Source records
>>>

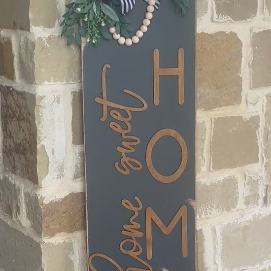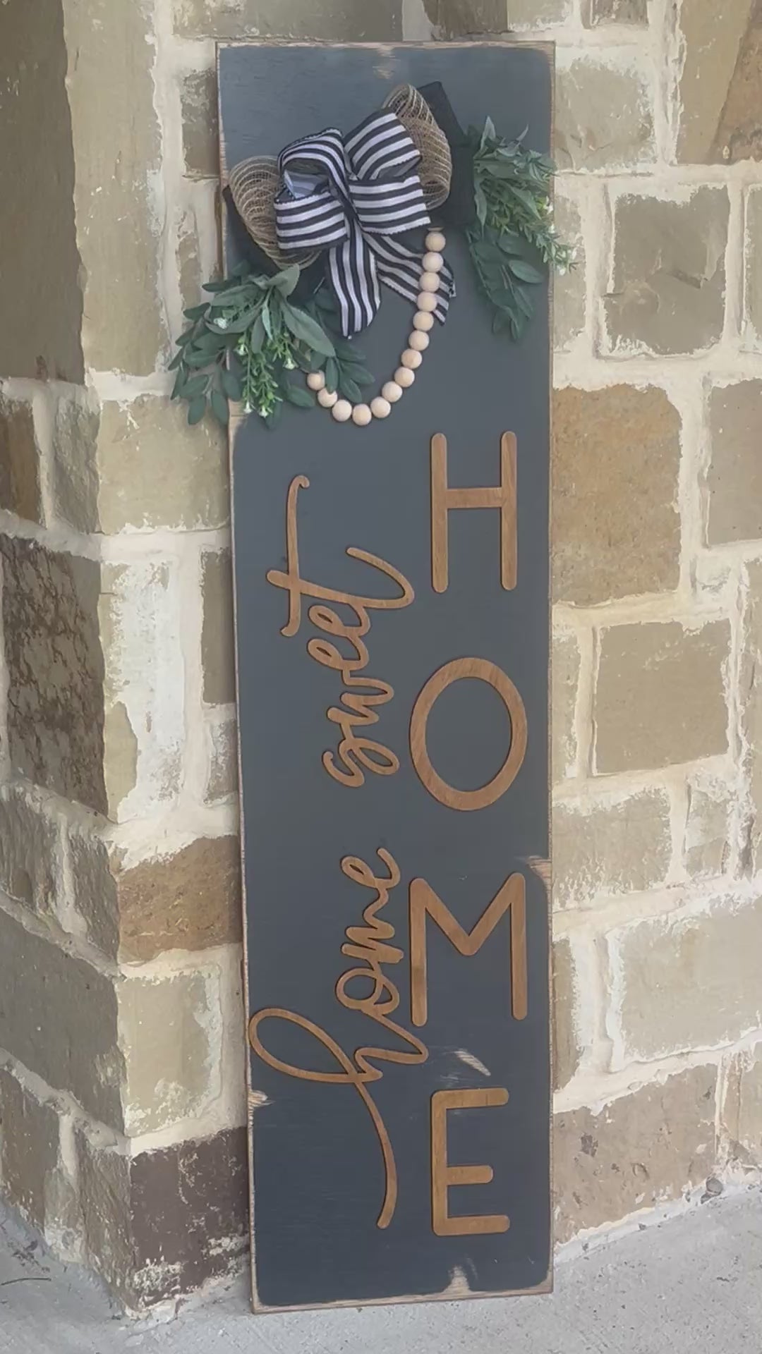 Welcome your guests with the warmth and charm of our Black Home Sweet Home lean, a rustic door decor masterpiece that seamlessly blends the timeless beauty of natural wood with the sleek elegance of modern black accents. Perfect for any farmhouse entryway decor, this stunning door lean is not just a piece of modern wooden signage; it's a heartfelt invitation to experience the comfort and joy of your home. Whether you're looking to enhance your home decoration or simply add a touch of home sign art, this door lean is designed to captivate and inspire.
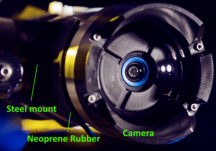 Mounting - The camera, LED, and laser should be attached to a solid mounting point with either stainless steel hose clamps, or a machined mount. Between the camera and mount point, use neoprene rubber, electrical tape, or similar insulation material to prevent corrosion and add vibration dampening. Read more about ROV vibrations here Troubleshooting - Vibration dampening on ROV systems.
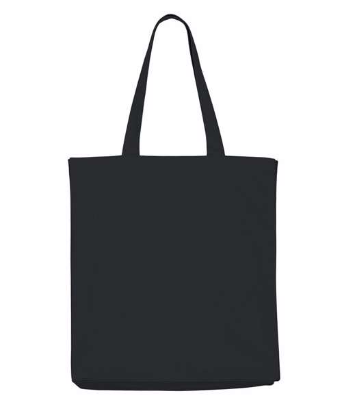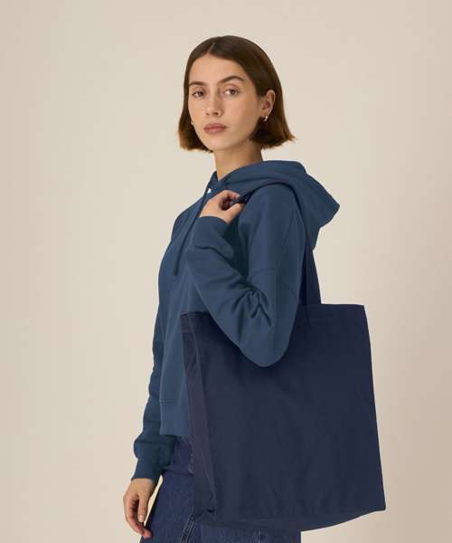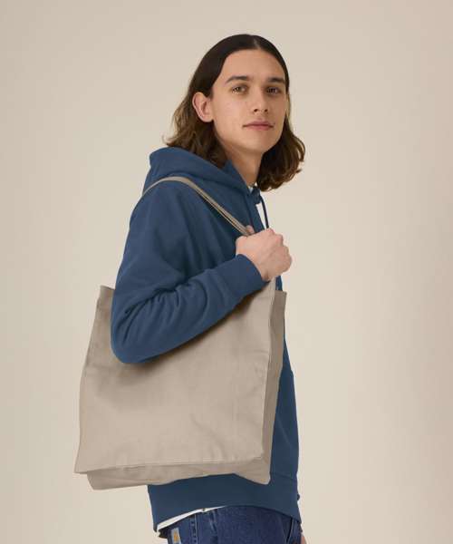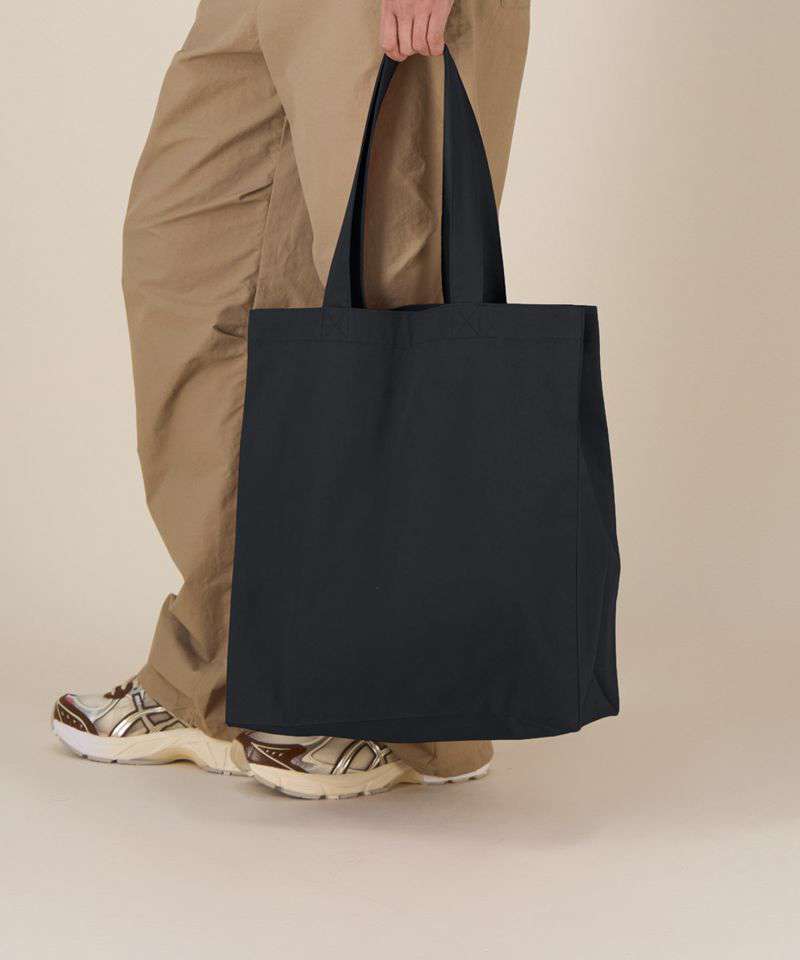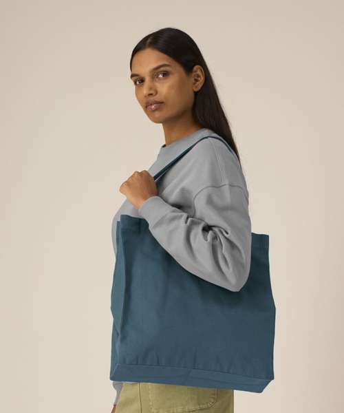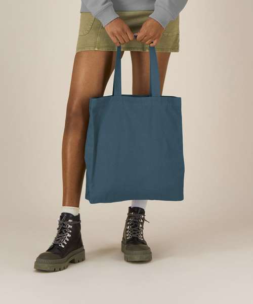 Midweight tote bag. Folded hem at top edge. Bottom and side soufflé. Long self-fabric handles with cross-stitch for reinforcement. Inside self-fabric pocket. Single-needle stitch at top edge.
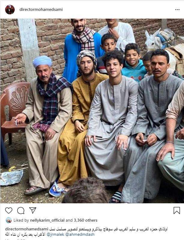 وظهر في الصورة كل من الفنان أحمد مالك، والفنان الشاب أحمد داش بالجلباب الصعيدي، فيما علق محمد سامي على الصورة قائلا: "أولادي حمزة الغريب وسليم الغريب في سوهاج بيذاكروا وبيستعدوا لتصوير مسلسل نسل الأغراب بعد بكرة إن شاء الله".
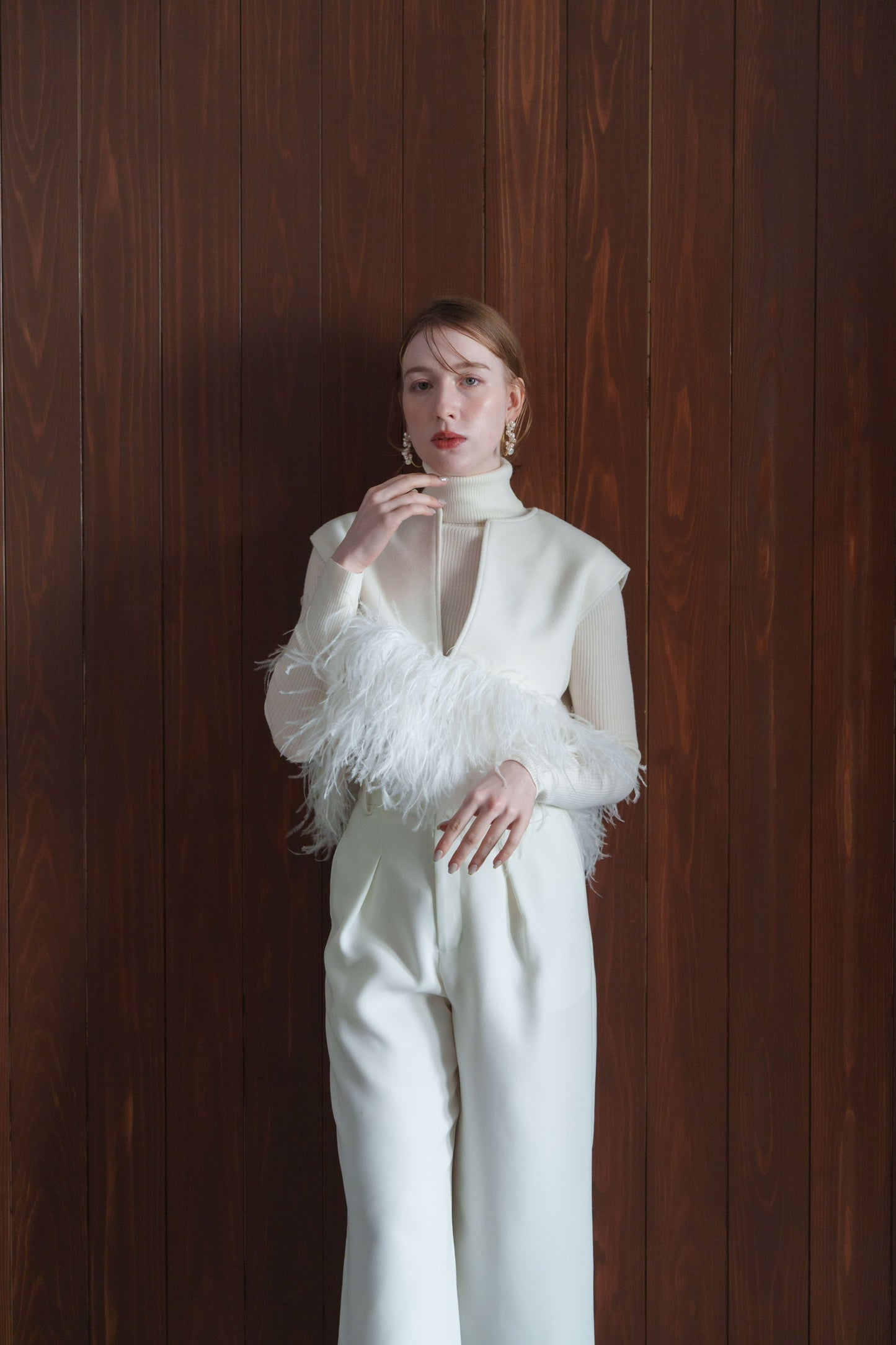美しいカーブと絶妙なサイズ感でゆるっとモードな着こなしに仕上がる1枚です。
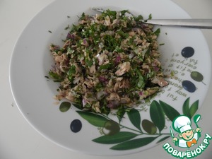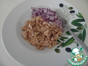 Откройте банку с тунцом, не много разомните вилкой, нарезать лук перемешать
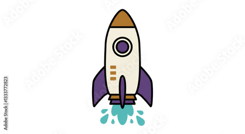 Isolated Cartoon Rocket Launching Upwards with Vivid Flames, Representing Space Exploration and Boundless Ambition

<<<

> [Exercise prompt]: What is needed here is an exact transcription of every record above, with images excluded.

> [Exercise result]:
 Welcome your guests with the warmth and charm of our Black Home Sweet Home lean, a rustic door decor masterpiece that seamlessly blends the timeless beauty of natural wood with the sleek elegance of modern black accents. Perfect for any farmhouse entryway decor, this stunning door lean is not just a piece of modern wooden signage; it's a heartfelt invitation to experience the comfort and joy of your home. Whether you're looking to enhance your home decoration or simply add a touch of home sign art, this door lean is designed to captivate and inspire.
 Mounting - The camera, LED, and laser should be attached to a solid mounting point with either stainless steel hose clamps, or a machined mount. Between the camera and mount point, use neoprene rubber, electrical tape, or similar insulation material to prevent corrosion and add vibration dampening. Read more about ROV vibrations here Troubleshooting - Vibration dampening on ROV systems.
 Midweight tote bag. Folded hem at top edge. Bottom and side soufflé. Long self-fabric handles with cross-stitch for reinforcement. Inside self-fabric pocket. Single-needle stitch at top edge.
 وظهر في الصورة كل من الفنان أحمد مالك، والفنان الشاب أحمد داش بالجلباب الصعيدي، فيما علق محمد سامي على الصورة قائلا: "أولادي حمزة الغريب وسليم الغريب في سوهاج بيذاكروا وبيستعدوا لتصوير مسلسل نسل الأغراب بعد بكرة إن شاء الله".
美しいカーブと絶妙なサイズ感でゆるっとモードな着こなしに仕上がる1枚です。
 Откройте банку с тунцом, не много разомните вилкой, нарезать лук перемешать
 Isolated Cartoon Rocket Launching Upwards with Vivid Flames, Representing Space Exploration and Boundless Ambition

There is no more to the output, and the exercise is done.